Find the line with "Die leicht tragbare" in the records below. Copy it and every line after it, up to and including the line with "Discover this beautifully".

_Extracted information_
****************

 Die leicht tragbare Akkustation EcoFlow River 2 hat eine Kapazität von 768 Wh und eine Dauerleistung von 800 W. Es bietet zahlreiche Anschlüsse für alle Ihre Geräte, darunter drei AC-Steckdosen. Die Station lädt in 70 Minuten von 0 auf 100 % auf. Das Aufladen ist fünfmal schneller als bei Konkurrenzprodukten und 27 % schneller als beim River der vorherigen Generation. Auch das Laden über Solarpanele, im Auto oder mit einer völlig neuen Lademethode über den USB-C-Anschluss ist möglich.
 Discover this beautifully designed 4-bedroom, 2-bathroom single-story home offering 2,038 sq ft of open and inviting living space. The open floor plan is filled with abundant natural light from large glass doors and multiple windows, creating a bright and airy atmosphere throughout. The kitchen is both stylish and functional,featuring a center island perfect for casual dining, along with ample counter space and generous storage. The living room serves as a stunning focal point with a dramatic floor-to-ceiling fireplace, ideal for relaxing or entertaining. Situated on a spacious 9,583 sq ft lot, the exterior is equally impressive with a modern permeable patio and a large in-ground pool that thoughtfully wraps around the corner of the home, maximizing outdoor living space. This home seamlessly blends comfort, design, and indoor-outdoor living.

****************

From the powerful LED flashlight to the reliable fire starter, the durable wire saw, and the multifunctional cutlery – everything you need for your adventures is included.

****************

_Answer area_
 Die leicht tragbare Akkustation EcoFlow River 2 hat eine Kapazität von 768 Wh und eine Dauerleistung von 800 W. Es bietet zahlreiche Anschlüsse für alle Ihre Geräte, darunter drei AC-Steckdosen. Die Station lädt in 70 Minuten von 0 auf 100 % auf. Das Aufladen ist fünfmal schneller als bei Konkurrenzprodukten und 27 % schneller als beim River der vorherigen Generation. Auch das Laden über Solarpanele, im Auto oder mit einer völlig neuen Lademethode über den USB-C-Anschluss ist möglich.
 Discover this beautifully designed 4-bedroom, 2-bathroom single-story home offering 2,038 sq ft of open and inviting living space. The open floor plan is filled with abundant natural light from large glass doors and multiple windows, creating a bright and airy atmosphere throughout. The kitchen is both stylish and functional,featuring a center island perfect for casual dining, along with ample counter space and generous storage. The living room serves as a stunning focal point with a dramatic floor-to-ceiling fireplace, ideal for relaxing or entertaining. Situated on a spacious 9,583 sq ft lot, the exterior is equally impressive with a modern permeable patio and a large in-ground pool that thoughtfully wraps around the corner of the home, maximizing outdoor living space. This home seamlessly blends comfort, design, and indoor-outdoor living.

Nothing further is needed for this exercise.